Management also cannot provide any assurance that unforeseen circumstances will
not increase the need for the Company to raise additional capital on an
immediate basis. There can be no assurance that we will be able to continue to
raise funds if at all, or on terms acceptable to the Company in which case the
Company may be unable to continue its operations or to meet its obligations. If
adequate capital is not available when needed, we will be required to
significantly modify our business model or cease operations.
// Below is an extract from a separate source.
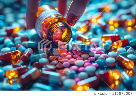 Female fingers selecting a variety of colorful pills, filling a small vial amidst pharmaceuticals. Healthcare and pharmacology concept

On March 11, 2020 the World Health Organization declared the novel strain of
coronavirus (COVID-19) a global pandemic and recommended containments and
mitigation measures worldwide. The Company is monitoring this closely, and
although operations have no t been materially affected by the coronavirus
outbreak to date, the ultimate severity of the outbreak is uncertain. Operations
of the Company are ongoing. Further the uncertain nature of the spread of
COVID-19 globally may impact our business operations due to the quarantine of
employees, customers, and third-party service providers.

Off-Balance Sheet Arrangements

We do not have any off-balance sheet arrangements that have or are reasonably
likely to have a current or future effect on our financial condition, changes in
financial condition, revenues or expenses, results of operations, liquidity,
capital expenditures or capital resources that is material to investors.